=== Task input ===

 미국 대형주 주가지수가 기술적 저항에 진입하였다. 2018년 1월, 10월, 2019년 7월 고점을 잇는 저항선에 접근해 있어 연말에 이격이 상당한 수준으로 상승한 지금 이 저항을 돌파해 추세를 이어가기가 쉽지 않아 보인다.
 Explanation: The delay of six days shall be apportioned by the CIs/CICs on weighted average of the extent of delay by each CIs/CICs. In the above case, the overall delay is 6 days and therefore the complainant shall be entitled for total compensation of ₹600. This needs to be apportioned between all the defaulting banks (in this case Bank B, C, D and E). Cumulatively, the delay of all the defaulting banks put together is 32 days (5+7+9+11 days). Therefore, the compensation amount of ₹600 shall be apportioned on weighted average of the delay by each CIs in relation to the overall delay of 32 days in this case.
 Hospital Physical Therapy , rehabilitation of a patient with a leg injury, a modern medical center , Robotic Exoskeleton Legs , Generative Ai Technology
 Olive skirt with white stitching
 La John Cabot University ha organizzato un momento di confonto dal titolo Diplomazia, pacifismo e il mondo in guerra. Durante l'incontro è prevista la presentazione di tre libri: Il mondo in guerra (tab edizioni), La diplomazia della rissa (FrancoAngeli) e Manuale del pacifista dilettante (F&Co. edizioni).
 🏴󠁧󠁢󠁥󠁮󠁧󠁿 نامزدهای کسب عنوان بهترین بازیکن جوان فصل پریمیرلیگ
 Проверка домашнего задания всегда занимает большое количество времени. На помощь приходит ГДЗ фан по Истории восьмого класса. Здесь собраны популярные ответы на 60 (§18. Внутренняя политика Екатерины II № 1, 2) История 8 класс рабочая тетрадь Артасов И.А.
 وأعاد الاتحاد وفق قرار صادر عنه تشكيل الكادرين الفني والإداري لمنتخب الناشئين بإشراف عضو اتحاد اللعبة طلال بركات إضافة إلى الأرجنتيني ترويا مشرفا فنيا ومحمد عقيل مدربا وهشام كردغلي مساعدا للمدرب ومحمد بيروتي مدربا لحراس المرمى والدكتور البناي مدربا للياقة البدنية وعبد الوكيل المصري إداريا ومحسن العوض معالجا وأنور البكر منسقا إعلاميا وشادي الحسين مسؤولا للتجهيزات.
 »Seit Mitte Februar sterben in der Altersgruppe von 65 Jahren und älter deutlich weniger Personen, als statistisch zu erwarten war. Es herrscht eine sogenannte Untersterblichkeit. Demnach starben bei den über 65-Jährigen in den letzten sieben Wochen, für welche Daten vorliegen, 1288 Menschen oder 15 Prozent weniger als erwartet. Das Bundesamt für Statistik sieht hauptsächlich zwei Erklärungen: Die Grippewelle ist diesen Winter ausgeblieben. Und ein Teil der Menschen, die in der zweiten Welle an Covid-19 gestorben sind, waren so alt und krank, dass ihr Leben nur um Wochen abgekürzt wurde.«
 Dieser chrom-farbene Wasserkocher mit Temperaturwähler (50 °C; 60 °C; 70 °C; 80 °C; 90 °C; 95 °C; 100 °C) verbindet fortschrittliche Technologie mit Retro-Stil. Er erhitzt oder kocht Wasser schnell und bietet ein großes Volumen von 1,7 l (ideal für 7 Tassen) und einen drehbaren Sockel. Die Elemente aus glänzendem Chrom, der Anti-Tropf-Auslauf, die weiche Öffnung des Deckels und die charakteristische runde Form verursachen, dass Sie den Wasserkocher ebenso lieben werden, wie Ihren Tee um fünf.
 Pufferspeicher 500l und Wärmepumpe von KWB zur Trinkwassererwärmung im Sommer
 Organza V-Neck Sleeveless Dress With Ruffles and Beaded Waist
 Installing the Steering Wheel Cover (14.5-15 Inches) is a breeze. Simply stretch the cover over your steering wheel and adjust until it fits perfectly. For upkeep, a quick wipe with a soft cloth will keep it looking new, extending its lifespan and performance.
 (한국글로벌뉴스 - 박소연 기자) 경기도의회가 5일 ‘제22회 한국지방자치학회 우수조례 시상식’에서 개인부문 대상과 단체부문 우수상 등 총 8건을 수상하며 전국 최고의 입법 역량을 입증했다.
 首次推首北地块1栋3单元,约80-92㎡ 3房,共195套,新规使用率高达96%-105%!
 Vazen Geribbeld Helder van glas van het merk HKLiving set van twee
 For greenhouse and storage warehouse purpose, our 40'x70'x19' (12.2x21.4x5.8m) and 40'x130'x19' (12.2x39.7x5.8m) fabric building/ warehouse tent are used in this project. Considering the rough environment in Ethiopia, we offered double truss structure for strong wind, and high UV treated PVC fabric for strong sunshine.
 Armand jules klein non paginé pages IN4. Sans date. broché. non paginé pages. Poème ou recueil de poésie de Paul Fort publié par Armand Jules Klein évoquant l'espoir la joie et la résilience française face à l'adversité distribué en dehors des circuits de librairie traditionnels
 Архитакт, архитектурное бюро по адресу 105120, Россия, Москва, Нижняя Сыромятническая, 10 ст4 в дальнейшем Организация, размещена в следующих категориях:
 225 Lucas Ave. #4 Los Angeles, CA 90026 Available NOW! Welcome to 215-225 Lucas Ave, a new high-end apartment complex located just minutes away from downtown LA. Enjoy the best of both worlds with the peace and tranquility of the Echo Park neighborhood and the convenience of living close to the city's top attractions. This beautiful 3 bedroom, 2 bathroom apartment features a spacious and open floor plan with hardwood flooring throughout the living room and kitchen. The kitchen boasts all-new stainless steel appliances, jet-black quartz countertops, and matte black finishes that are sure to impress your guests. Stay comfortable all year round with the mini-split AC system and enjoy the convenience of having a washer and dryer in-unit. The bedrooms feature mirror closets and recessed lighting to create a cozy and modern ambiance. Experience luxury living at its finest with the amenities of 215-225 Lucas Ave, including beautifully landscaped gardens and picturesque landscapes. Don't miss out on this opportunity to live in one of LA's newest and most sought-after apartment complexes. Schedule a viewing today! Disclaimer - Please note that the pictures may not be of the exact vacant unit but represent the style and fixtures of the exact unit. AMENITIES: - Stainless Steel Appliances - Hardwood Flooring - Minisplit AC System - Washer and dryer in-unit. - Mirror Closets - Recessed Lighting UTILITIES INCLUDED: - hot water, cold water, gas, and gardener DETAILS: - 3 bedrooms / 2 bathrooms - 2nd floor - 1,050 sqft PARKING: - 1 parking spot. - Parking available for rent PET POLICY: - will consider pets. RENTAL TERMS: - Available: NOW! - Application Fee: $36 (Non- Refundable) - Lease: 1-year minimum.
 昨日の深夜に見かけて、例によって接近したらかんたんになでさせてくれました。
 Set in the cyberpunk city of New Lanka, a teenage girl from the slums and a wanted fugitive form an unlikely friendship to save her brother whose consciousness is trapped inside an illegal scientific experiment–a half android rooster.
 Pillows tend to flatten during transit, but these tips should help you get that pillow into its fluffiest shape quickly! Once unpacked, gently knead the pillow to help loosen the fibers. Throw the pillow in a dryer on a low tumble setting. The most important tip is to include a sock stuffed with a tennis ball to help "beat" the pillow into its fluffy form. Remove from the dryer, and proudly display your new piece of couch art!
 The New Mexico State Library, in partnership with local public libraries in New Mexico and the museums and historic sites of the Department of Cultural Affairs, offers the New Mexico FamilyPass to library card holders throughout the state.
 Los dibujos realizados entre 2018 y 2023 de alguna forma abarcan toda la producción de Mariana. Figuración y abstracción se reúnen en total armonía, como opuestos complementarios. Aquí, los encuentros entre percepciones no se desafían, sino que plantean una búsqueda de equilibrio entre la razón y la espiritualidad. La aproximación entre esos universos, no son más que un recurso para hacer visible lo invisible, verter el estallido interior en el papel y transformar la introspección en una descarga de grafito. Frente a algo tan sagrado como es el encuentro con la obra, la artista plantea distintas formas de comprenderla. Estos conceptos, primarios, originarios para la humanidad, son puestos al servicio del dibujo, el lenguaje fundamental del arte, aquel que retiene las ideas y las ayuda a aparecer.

===

_Goal of the exercise_
Select all lines with the word "modern" from the entries above.

_Task response_
 Hospital Physical Therapy , rehabilitation of a patient with a leg injury, a modern medical center , Robotic Exoskeleton Legs , Generative Ai Technology
 225 Lucas Ave. #4 Los Angeles, CA 90026 Available NOW! Welcome to 215-225 Lucas Ave, a new high-end apartment complex located just minutes away from downtown LA. Enjoy the best of both worlds with the peace and tranquility of the Echo Park neighborhood and the convenience of living close to the city's top attractions. This beautiful 3 bedroom, 2 bathroom apartment features a spacious and open floor plan with hardwood flooring throughout the living room and kitchen. The kitchen boasts all-new stainless steel appliances, jet-black quartz countertops, and matte black finishes that are sure to impress your guests. Stay comfortable all year round with the mini-split AC system and enjoy the convenience of having a washer and dryer in-unit. The bedrooms feature mirror closets and recessed lighting to create a cozy and modern ambiance. Experience luxury living at its finest with the amenities of 215-225 Lucas Ave, including beautifully landscaped gardens and picturesque landscapes. Don't miss out on this opportunity to live in one of LA's newest and most sought-after apartment complexes. Schedule a viewing today! Disclaimer - Please note that the pictures may not be of the exact vacant unit but represent the style and fixtures of the exact unit. AMENITIES: - Stainless Steel Appliances - Hardwood Flooring - Minisplit AC System - Washer and dryer in-unit. - Mirror Closets - Recessed Lighting UTILITIES INCLUDED: - hot water, cold water, gas, and gardener DETAILS: - 3 bedrooms / 2 bathrooms - 2nd floor - 1,050 sqft PARKING: - 1 parking spot. - Parking available for rent PET POLICY: - will consider pets. RENTAL TERMS: - Available: NOW! - Application Fee: $36 (Non- Refundable) - Lease: 1-year minimum.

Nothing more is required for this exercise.